By resurrecting key ancestral proteins in MR/GR evolution, characterizing the effect of historical mutations on their functions in various combinations, and determining their crystal structures, our group was able to determine the molecular basis of the difference in MR/GR function. We found that the ancestor of all MRs and GRs (AncCR) was MR-like, with sensitivity to both aldosterone and cortisol [28]. By resurrecting successive ancestors in the GR lineage (Fig. 2), we found that cortisol specificity arose during a 40 million year period between AncGR1 (GR in the ancestor of all jawed vertebrates, which had the ancestral, MR-like phenotype) and AncGR2 (GR2 in the ancestor of bony vertebrates, which was cortisol specific). Thirty-seven amino acid changes occurred along this branch, but only five have been conserved in one state in the MRs and in another in the GRs, suggesting a key role in maintaining their different functions. We introduced these five mutations singly and in pairs into AncGR1. None of the single mutations enhanced cortisol specificity, but the combination of S106P and L111Q switched AncGR1’s preference to cortisol over aldosterone by radically reducing mineralocorticoid sensitivity. Strong epistasis was apparent: L111Q has no apparent functional effect when introduced alone, and S106P dramatically reduces activation by all ligands, but together they recapitulate a large portion of the functional switch from AncGR1 to AncGR2.

Figure 2.

Figure 2

Permissive and restrictive mutations shaped GR evolution. GRs and MRs result from an ancient gene duplication (arrow). ancCR was activated by aldosterone and cortisol (filled square, filled triangle). Cortisol specificity (open square, filled triangle) evolved between ancGR1 and ancGR2. The mutations that led to the functional change (black box) were preceded by permissive mutations (star) and followed by restrictive mutations (X). MRs do not have the permissive mutations and cannot tolerate the mutations in the black box. Human and fish GRs have restrictive mutations that do not allow reversion of the mutations in the black box to the ancestral state.

To identify the mechanism underlying this effect, we determined the X-ray crystal structures of ancestral receptors before and after the functional switch [21,22] (Figure 3A). Pro-106 causes a kink that remodels one side of the ligand-binding pocket, dramatically shifting the receptor’s helix 7 and destabilizing interactions with all ligands. Gln-111 is on the repositioned helix; in its new location, the polar side chain forms a hydrogen bond to a hydroxyl group unique to cortisol, recovering binding in a cortisol-specific manner. The cause of the interaction between these two mutations is therefore conformational: the effect of L111Q on function is determined by its spatial location, which depends on whether or not S106P has occurred.

Figure 3.

Figure 3

Structural basis for the evolution of cortisol specificity. A) Structure of AncCR (white, 2Q1H) with bound aldosterone (orange) overlaid on the structure of AncGR2 (blue, 3GN8) with bound DEX (purple), a cortisol analog. Mutation S106P disrupts a helix cap and introduces a kink at the N-terminus of helix 7, repositioning helix 7 so that Gln-111 of AncGR2 can form a cortisol-specific hydrogen bond. B) Schematic representation of restrictive mutations G114Q and L197M. The derived Gln-Met pair in AncGR2 can be tolerated in the derived conformation (right) but clash when helix 7 is in its ancestral position (left). The hydrogen-bond of Gln-111 with cortisol (purple) is shown in red.

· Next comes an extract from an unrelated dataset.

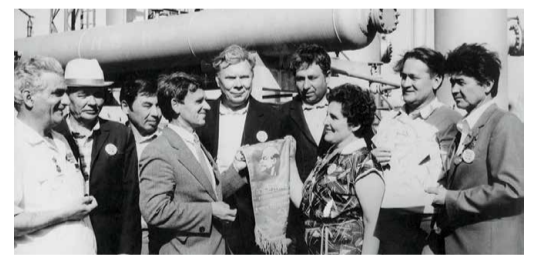
Чествование передовиков производства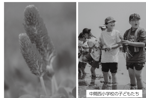
中間西小学校の子どもたち

Why do these mutations, which switch the function of the ancestral receptor, radically impair function when they are introduced into the modern MR or are reversed in the modern GR [22,41]? We found that some of the other 32 mutations that occurred between AncGR1 and AncGR2 have strong modulating effects. Specifically, three additional mutations (L29M, F98I and S212Δ) fine-tuned the derived function, eliminating all remnants of the response to mineralocorticoids and yielding a fully cortisol-specific receptor. These mutations further destabilize the receptor and cannot be tolerated, however, unless they are preceded by two permissive mutations (N26T and Q105L), which have virtually no effect on function when introduced alone. A third stabilizing permissive mutation (Y72R), which occurred earlier— between AncCR and AncGR1—is also essential for the function-switching mutations to be tolerated. Without these permissive mutations, the key mutations that historically produced a cortisol-specific receptor yield a receptor that does not activate transcription at all. These findings reveal why it has been so difficult to convert a modern MR into a GR-like protein using horizontal approaches: the MR lacks the permissive mutations that occurred in the GR lineage, so it cannot tolerate the destabilizing effects of the mutations that switched the GR’s functions.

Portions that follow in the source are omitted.